Some of the files are
* excel
    * read_excel
    * to_excel
* hdf
    * read_hdf
    * to_hdf 
* clipboard
    * read_clipboard
    * to_clipboard
* html
    * read_html
    * to_html
* pickle
    * read_pickle
    * to_pickle
* DTA
    * read_stata
    * to_stata
* SAS
    * read_sas
    * to_sas
* SQL
    * read_sql
    * to_sql
* json
    * read_json
    * to_json
* CSV
    * read_csv
    * to_csv

#### Pandas SQL Operation
SQL operations using Pandas and in-memory database SQLite3

In [61]:
#import pandas library
import pandas as pd
#import Sqlite3
import sqlite3

#create SQL table
create_table = """CREATE TABLE student_score
(Id INTEGER, Name VARCHAR(20), Math REAL,
Science REAL
);"""

#execute the SQL statement
executeSQL = sqlite3.connect(':memory:')
executeSQL.execute(create_table)
executeSQL.commit()

#prepare a SQL query
SQL_query = executeSQL.execute('select * from student_score')

#fetch result from SQLlite database
resulset = SQL_query.fetchall()

#view result(empty data)
resulset

[]

In [62]:
#prepare records to be inserted into SQL table through SQL statement
insertSQL = [(10,'Jack',85,92),
            (29,'Tom',73,89),
            (65,'Ram',65.6,77),
            (5,'Steve',55,91)]

#insert records into SQL table through SQL statement
insert_statement = "Insert into student_score values(?,?,?,?)"
executeSQL.executemany(insert_statement,insertSQL)
executeSQL.commit()

#prepare SQL query
SQL_query = executeSQL.execute("select * from student_score")

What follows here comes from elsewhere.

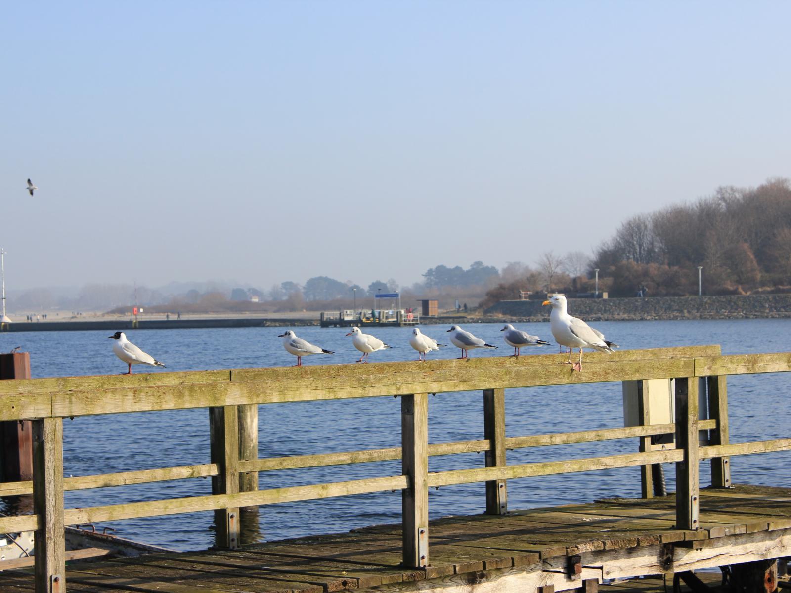 Wallpaper Seagulls sitting on the wooden railing of the pier

#fetch the resultset for the query
resulset = SQL_query.fetchall()

#view the resultset
resulset

[(10, 'Jack', 85.0, 92.0),
 (29, 'Tom', 73.0, 89.0),
 (65, 'Ram', 65.6, 77.0),
 (5, 'Steve', 55.0, 91.0)]

In [63]:
#put the records together in dataframe
df_student_records = pd.DataFrame(resulset,columns=list(zip(*SQL_query.description))[0])

#view the records in pandas dataframe
df_student_records

Unnamed: 0,Id,Name,Math,Science
0,10,Jack,85.0,92.0
1,29,Tom,73.0,89.0
2,65,Ram,65.6,77.0
3,5,Steve,55.0,91.0